Молодой драматург Гладков[332]
, отправляющийся на днях в Свердловск и дальше на восток, везет с собой экземпляр перевода для собственной надобности. Если он заедет в Ташкент, я попрошу его дать его вам временно для прочтенья. В день окончанья работы я читал ее публично и выручил на подарки красноармейцам около 700 руб.Я прожил эту зиму живо и с ощущеньем счастья среди лишений и в средоточьи самого дремучего дикарства, благодаря единомыслию, установившемуся между мной, Фединым, Асеевым, а также Леоновым и Треневым. Здесь мы чувствуем себя свободнее, чем в Москве, несмотря на тоску по ней, разной силы у каждого. Сейчас я собирался в одно место и зашел за Асеевым, но узнал, что наше предположенье отложено. Они меня просили остаться, а когда узнали, что я тороплюсь домой, чтобы дописать прерванное тебе письмо, Синяковы[333]

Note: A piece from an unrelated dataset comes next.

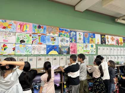 友だちの作品の色使いや発想に目をつけ、いいところをたくさん見つけていました。次は自分もやってみたいという振り返りをしている子もいました。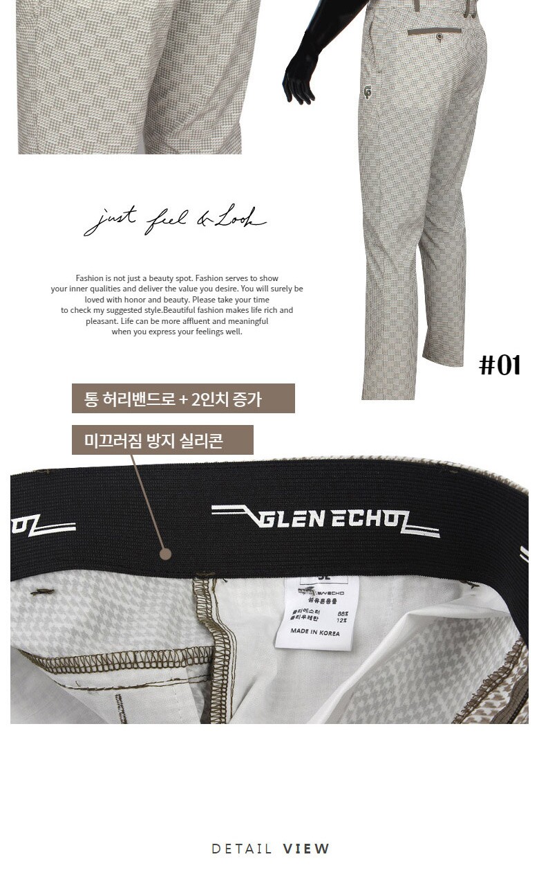 그렌에코 남성 스판 밴드 체크 골프바지 GES22802HCBK

просили тебе кланяться и поздравили меня с гражданским совершеннолетьем Жени. Пусть он снимется в форме и пришлет карточку Лёничке, по адресу: Ул. Володарского 63, детдом Литфонда, Лёне Пастернаку. “Мой брат Женя на войне”, – говорит он. – Что же тебе его жалко? “Нет, – отвечает он, – на войне хорошо, а мне жалко бедного брата Адика в больнице”. – Я наверное писал тебе про ухудшившееся и – боюсь, неизлечимое его состоянье, и про судьбу Гаррика, попавшего в положенье Тициана[334]. Об этом нельзя говорить, это рев, рев и сплошные слезы. Мы наверное съездим к нему[335], а до этого, после окончания еще одной переводной работы, я хочу пробраться в Москву и может быть куда-нибудь на фронт.Лёнички я почти совершенно не вижу, за исключеньем тех случаев, когда он простужается и его кладут в изолятор. Мы с ним связаны одинаково горячей любовью, болью и разлукой. Как и Стасик, он не умеет отвечать на вопросы, техника собеседованья не постигнута им, и его ответов приходится ждать до трех минут. Но монологи его удивительно серьезные и задушевные и обнаруживают недетскую чувствительность и такую благодарную память, что за ней слышится верность прошлому и послушанье. Он помнит клички всех собак в Переделкине и все тропинки, и ваш двор в Москве в день эвакуации, и многое другое. Угадай, папа, говорит он, почему я в одной рубашке пошел в палатку (у пруда)? – Вероятно потому, что было жарко? – Да, – говорит он, – ты угадал. Или: “Я очень люблю спать, потому что во сне иногда у меня бывают папа и мама”. У него несомненные полипы и затрудненная давящаяся речь с выпаденьем носовых, как при насморке. Кругом доктора и педагоги, я двадцать раз говорил это им, но они либо слепы, либо это не страшно и этим рано заниматься. Он совершенно не умеет сморкаться и всегда тянет сопли в себя. У меня он почти не простужался, а здесь попал в совершенно иную систему взглядов на чистоту и грязь, холод и тепло и пр. и часто болеет. Но это старая история, за какие-то стороны дисциплинированного обихода я боролся наверное и с вами.